Le Gabon a enregistré, le dimanche 28 octobre 2018, l’une des plus grandes attaques informatiques jamais notées dans le pays, revendiquée par les hackers d’Anonymous. Alors que le site officiel du gouvernement reste inaccessible, l’Aninf assure que la situation est sous contrôle.

Hacker masqué du groupe Anonymous, piratant le site Web de la présidence française de l’Elysée en janvier 2012. © D.R.

 

Du samedi 27 au dimanche 28 octobre 2018, des sites Internet de certains départements ministériels et institutions de la République gabonaise étaient hors-service ; nombreux le sont encore. Le mouvement Anonymous n’a pas manqué de revendiquer l’évènement : «Attaque surprise et massive contre le gouvernement du Gabon aujourd’hui. Plus de 70 sites gouvernementaux (attaqués). Tous leurs serveurs et leurs systèmes mails sont hors-ligne. Les dictateurs auraient dû s’attendre à nous !», lit-on sur un compte Twitter attribué ce groupe.

Tweet revendiquant l’attaque. © D.R.

Mondialement connus, ces «hacktivites» qui prétendent garantir, grâce à la force que leur confère leur nombre, la liberté d’expression sur internet et dans le monde, ont donc revendiqué «plus de 70» attaques informatiques contre les sites institutionnels gabonais, indiquant s’en prendre aux «dictatures». «Nous sommes les Anonymous. Nous ne pardonnons pas.
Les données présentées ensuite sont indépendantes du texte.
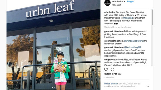 Die Cannabis-Apotheke hat das Mädchen nach Kräften unterstützt. Die Betreiber posteten ein Foto mit der Pfadfinderin auf Instagram und schrieben: „Holt euch ein paar Pfadfinderkekse!“ Sie forderten außerdem alle Kunden auf, auch Freunde zum Einkaufen mitzubringen. Denn einkaufen mache mit Freunden mehr Spaß.
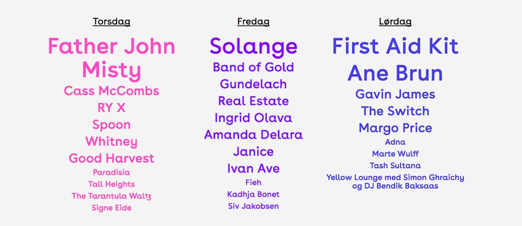 AvFor fjerde året på rad arrangeres tre dagers festival som fyller Vigelandsparken med musikkglade mennesker og et knippe av verdens beste artister. I år er det Solange, Gavin James, Father John Mist og Whitney som tar turen til den norske scenen.

Nous n’oublions pas. +Fuck+ les dictatures!», a-t-il été écrit.

Dans la soirée, l’Agence nationale des infrastructures numériques et des fréquences (Aninf) est montée au créneau pour banaliser les faits : «A ce jour, l’accès à l’Internet est à nouveau disponible et les services gouvernementaux, sont accessibles uniquement sur le plan national, pour les opérateurs connectés au point d’échange internet (GAB-IX), ». L’aninf indique  qu’elle réserve le droit d’entreprendre des actions en justice à l’encontre des indélicats, conformément à la législation locale et internationale.

Selon l’Aninf, la cyberattaque intervenue sur le Réseau de l’administration gabonaise (Rag) serait de type déni de services (DDOS). Ce qui fait dire à la structure étatique que «ce type d’attaques a pour seul but de saturer le réseau informatique par l’envoi massif de requêtes».

Les Anonymous sont une communauté d’internautes agissant de manière anonyme dans un but particulier, le plus souvent pour revendiquer la liberté d’expression. En 2013, le collectif avait déjà frappé les sites des institutions gabonaises.